[EM] whipping-boy Borda

[Richard Moore]

David Gamble wrote:

 > Year 1
 >
 > An election is held using Borda for a single seat. There are two
 > candidates A and B. The voters give the following rankings:
 >
 > 12 A
 > 40 A>B
 > 30 B>A
 > 18 B
 >
 > A obtains 52 points (52x1 + 30x0), B obtains 48 points (48x1 +
 > 40x0). A wins.
 >
 > Year 2
 >
 > This time there are 3 candidates A,B and C. The voters give
 > identical rankings as in the previous election. Nobody expresses a
 > preference for C making candidate C the most irrelevant of
 > irrelevant alternatives.
 >
 > 12 A
 > 40 A>B
 > 30 B>A
 > 18 B
 >
 > This time the points are A= 52x2 + 30x1 and B= 48x2 + 40x1. A
 > obtains 134 points and B wins with 136 points yet identical ballots
 > have been cast in both elections.

Yes, a problem might be indicated here, but the real problem is not 
the IIAC violation. In fact, it's doing something we might expect it 
to do. (The following is not an endorsement of Borda, just a close 
look at what's really going on with Borda's IIAC violations.)
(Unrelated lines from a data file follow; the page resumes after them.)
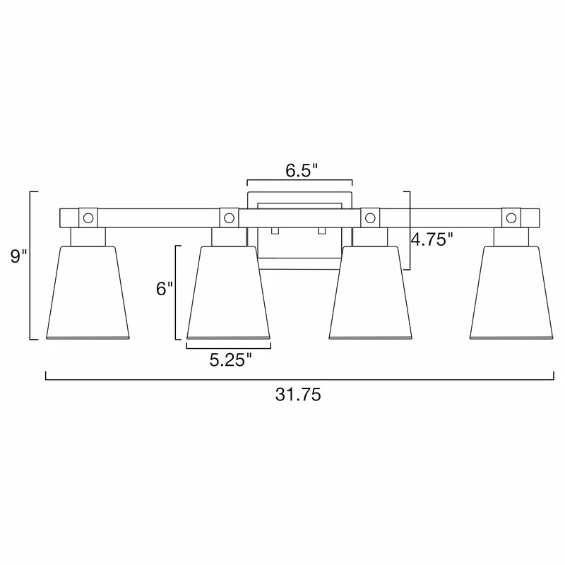 DIMENSIONS: Bathroom Light: 9″ (H) x 31.75″ (L) x 7.5″ Projection from wall, Backplate: 6.5″ (L) x 4.75″ (H) x 0.75″ (W), Glass Shades: 6″ (H) x 5.25″ (D)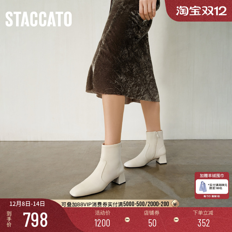 思加图新款方糖奶油白色短靴粗跟增高时装靴女靴9U004DD4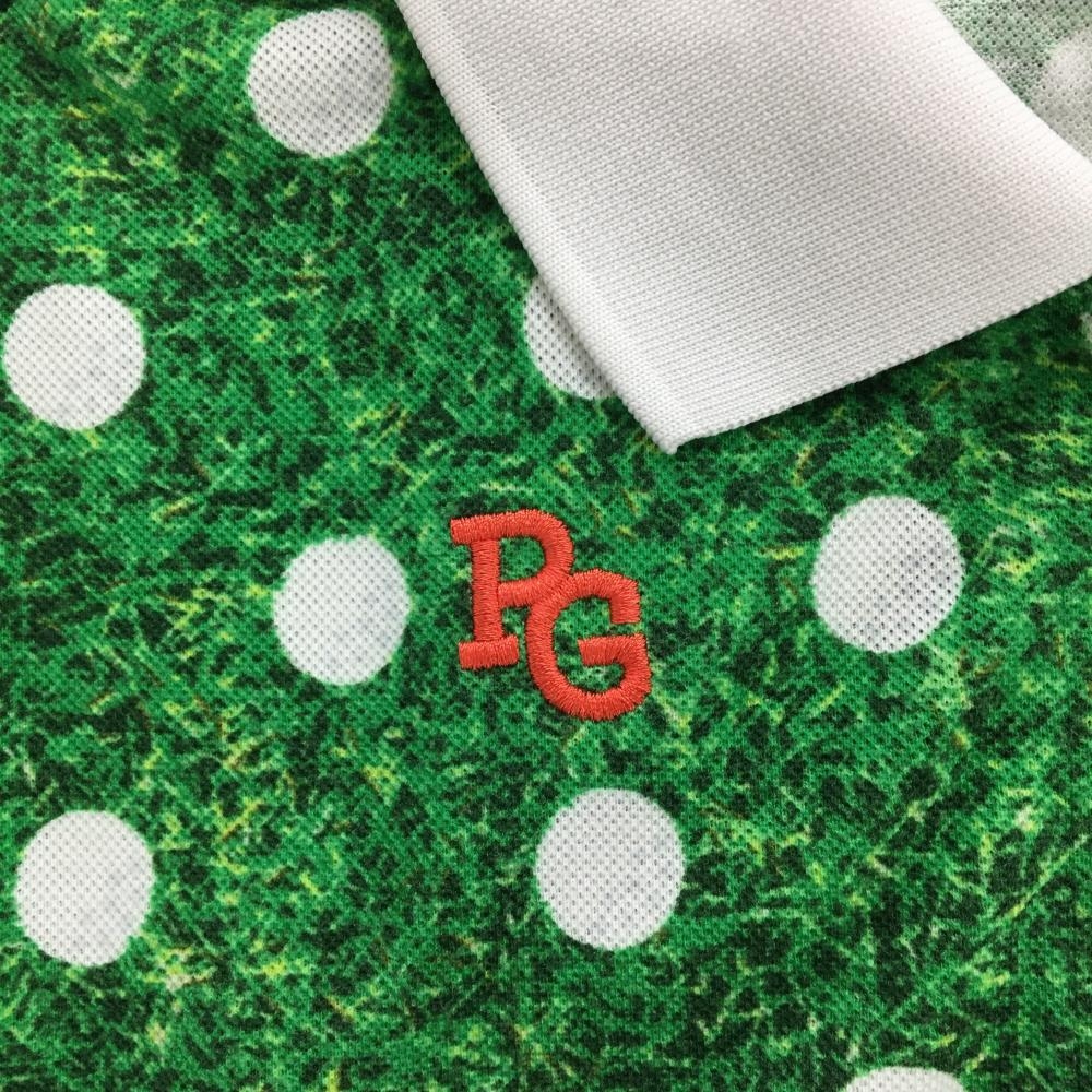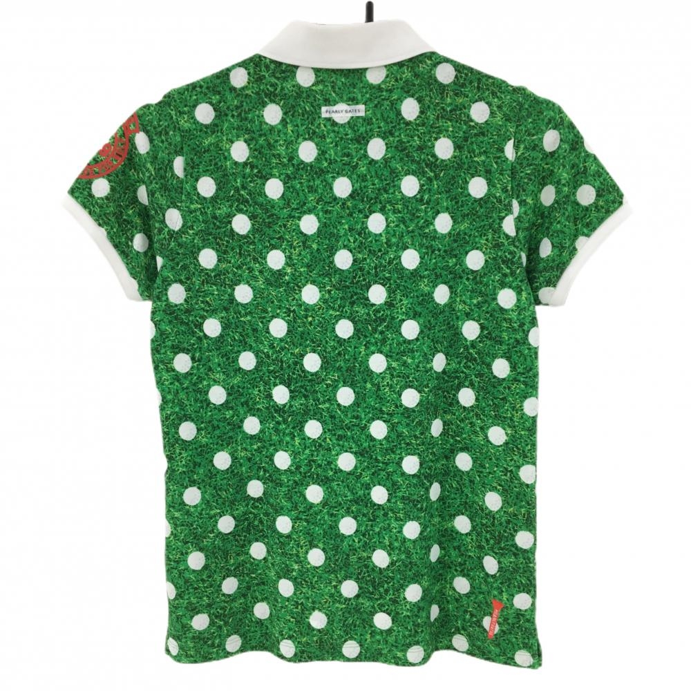 【美品】パーリーゲイツ 半袖ポロシャツ グリーン×白 ドット ゴルフボール柄 レディース 0(S) ゴルフウェア PEARLY GATES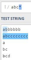 *giống như?tuy nhiên ký tự cuối có thể xuất hiện nhiều lần. Ví dụabc*sẽ tìm ra chuỗi có chứa "ab", "abc", "abccccccc" nhưng lại ko tìm được "a" hay "bc".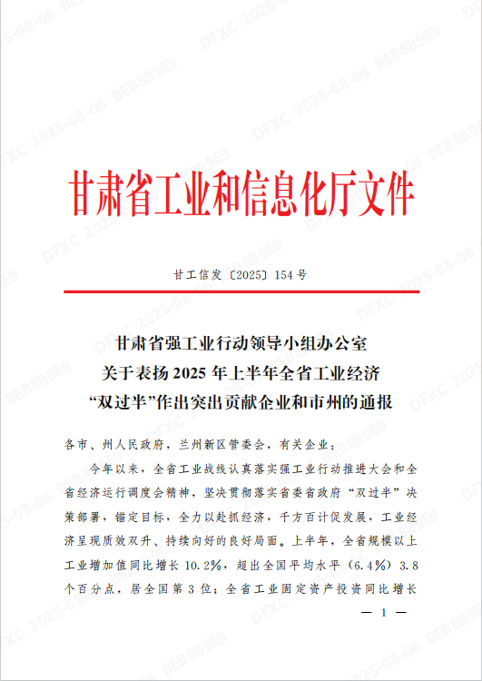 近日,甘肃省强工业行动领导小组办公室发布《关于表扬2025年上半年全省工业经济“双过半”作出突出贡献企业和市州的通报》(甘工信发〔2025〕154号),九江德福科技旗下子公司——甘肃德福新材料有限公司(以下简称“德福新材”)凭借在推动工业经济增长中的卓越贡献,荣登通报表扬企业名单。这一荣誉不仅是对德福新材上半年工作的权威认可,更标志着企业在甘肃新材料产业领域的标杆地位进一步凸显。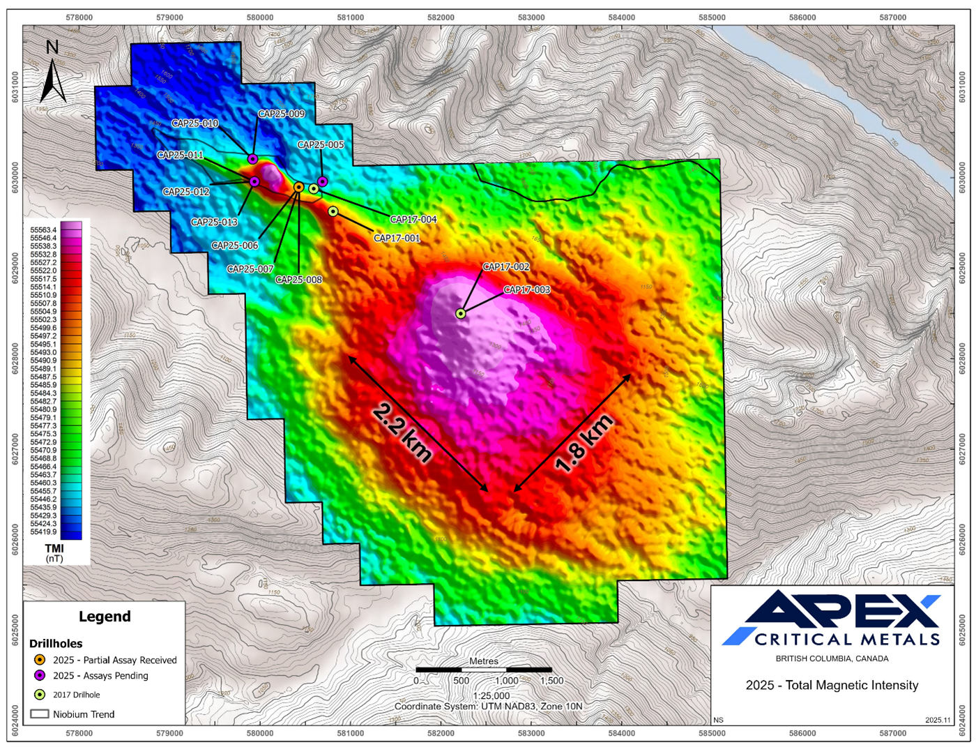 Vancouver, British Columbia – November 12, 2025 – Apex Critical Metals Corp. (CSE: APXC | OTCQX: APXCF | FWB: KL9) (“Apex” or the “Company”), a Canadian mineral exploration company focused on the identification and development of critical and strategic metals, is pleased to announce the completion and results from a high resolution airborne geophysical survey completed at the Company’s 100%-owned Cap Critical Minerals Project (“Cap” or the “Cap Project”) in central British Columbia.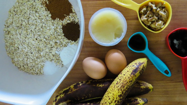 - В большой миске смешайте овсянку, специи, соль, разрыхлитель и орехи. Затем в небольшой миске тщательно перемешайте до однородной массы бананы, растительное масло, яйца, клиновый сироп и ваниль.

Suppose the only information you were given about the second election 
is that there are three candidates, that A was strictly preferred to C 
by 82% of the voters, and that B was strictly preferred to C by 88% of 
the voters. Given only that information you might be inclined to think 
B is a better fit. Perhaps the presence of C is revealing something 
about the true levels of demand for A and for B. In other words, C is 
adding information to the race.

Let's expand this example by adding another candidate D, with the 
following ballots cast:

Year 1 (with A, B, and D the only candidates):

12 A>B>D
40 D>A>B
30 B>D>A
18 B>A>D

Scores: A=82, B=108, D=110. D wins.

Year 2 (C also ran):

12 A>B=C>D
40 D>A>B>C
30 B>D>A>C
18 B>A=C>D

Scores: A=164, B=196, C=30, D=180. B wins.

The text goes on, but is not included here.